NanoEVB and PicoEVB are affordable, open source, development boards which can be used to evaluate and prototype PCI Express designs using a Xilinx Artix 7 FPGA on Windows or Linux hosts. The boards are designed around the Artix 7 (XC7A50T).

Use Cases

While the main intent of NanoEVB and PicoEVB is PCIe design prototyping, it can be used as an integrated part of your laptop (or desktop) computer. Use a board as an encryption co-processor for security, or as a hardware-level encoder/decoder for speedy workflows. It’s your FPGA, design what you like.

Features & Specifications

FPGAXilinx Artix XC7A50TXilinx Artix XC7A50T
Form Factor M.2 (NGFF) 2242, keyed for A and E slots M.2 (NGFF) 2230, keyed for A and E slots
Dimensions 22 x 42 x 3.8 mm 22 x 30 x 3.8 mm
Host InterfacePCIe x1 gen 2PCIe x1 gen 2
Host ToolsVivado 2016, 2017Vivado 2016, 2017
Serial ConnectionRS232 connection to the FPGA via FTDI FT2232RS232 connection to the FPGA via FTDI FT2232
MGT LoopbackYesYes
Built-in JTAGYesYes
Spare Debug UART Yes No
External Interface 4 digital channels OR 1 analog (differential) and 2 digital, OR 2 analog (differential) No
User-controllable LEDs33

Open Source Software & Hardware

The board schematics in their final form (PDFs) will be published under a permissive license. In additon, major software components are open source:

  • The "cable driver", is already CC0 licenced.
  • All of the host code (PCIe drivers) used in the prototype comes from Xilinx under GPL.
  • The FPGA project is derived from a freely available Xilinx sample project.

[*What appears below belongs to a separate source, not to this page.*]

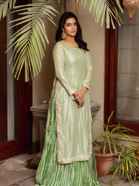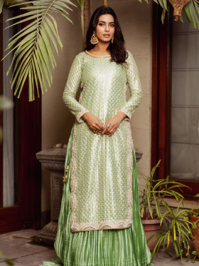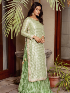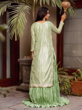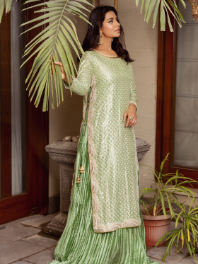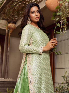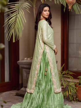 Introducing ‘Shamrock’, an epitome of sophistication and grace. This luxurious green frock, crafted from premium silk, radiates opulence with every fold. Adorned with an embroidered coat, ‘Shamrock’ exudes regal charm and timeless elegance. Elevate your wardrobe with this enchanting ensemble, where premium fabric meets intricate craftsmanship, creating a masterpiece that commands attention and admiration. Embrace luxury with ‘Shamrock’ and make a statement that resonates with grace and style.

Files are being published in the project GitHub repository.

NanoEVB Block Diagram

NanoEVB high-level schematic

PicoEVB Block Diagram

PicoEVB high-level schematic

Compact Size

Current FPGA development boards are large. Almost all development kits require a desktop PC, or are designed to sit on a lab bench. NanoEVB aims to change this — the entire development kit fits inside a laptop! In addition, the JTAG cable is built-in, no external cables needed- just plug it into a PCIe slot and go.

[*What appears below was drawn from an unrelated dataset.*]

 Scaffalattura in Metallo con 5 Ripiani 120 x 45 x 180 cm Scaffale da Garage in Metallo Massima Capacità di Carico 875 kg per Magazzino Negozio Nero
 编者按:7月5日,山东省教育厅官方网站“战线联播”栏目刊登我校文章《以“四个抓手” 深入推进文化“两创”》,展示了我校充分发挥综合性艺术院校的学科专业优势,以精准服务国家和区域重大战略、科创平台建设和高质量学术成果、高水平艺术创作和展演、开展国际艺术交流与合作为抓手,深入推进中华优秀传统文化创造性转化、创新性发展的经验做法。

Furthermore, to explore PCIe designs, currently you need to spend over $1,000. NanoEVB and PicoEVB have PCIe connectivity to the host computer, and as such, you can design PCIe-based solutions and explore Xilinx’s IP for PCIe solutions without spending a grand and without taking up a ton of space.

Manufacturing Plan

The manufacturing process for NanoEVB and PicoEVB is pretty straightforward:

  1. Select a PCB fabrication house capable of producing this PCB (done)
  2. Select an assembly house capable of placing/soldering all the parts on the PCB (quote in-hand, with more to come)
  3. Kit the PCBs and board components and ship to assembly house for assembly
  4. Final test of assembled boards to verify all power supply voltages, all LEDs, all external ports, and USB and PCIe connectivity.

Risks & Challenges

The designs have been prototyped; multiple boards and iterations have been built and tested. This mitigates a lot of risk. The remaining risk is in manufacturing execution:

  • There is some risk that the PCBs could be mis-manufactured.
  • There is some risk that the assembly house damages or improperly assembles the boards, resulting in scrap.
  • There is some risk that component availability is lower than needed at the time of procurement. The FPGA holds the highest chance of causing additional delivery delay.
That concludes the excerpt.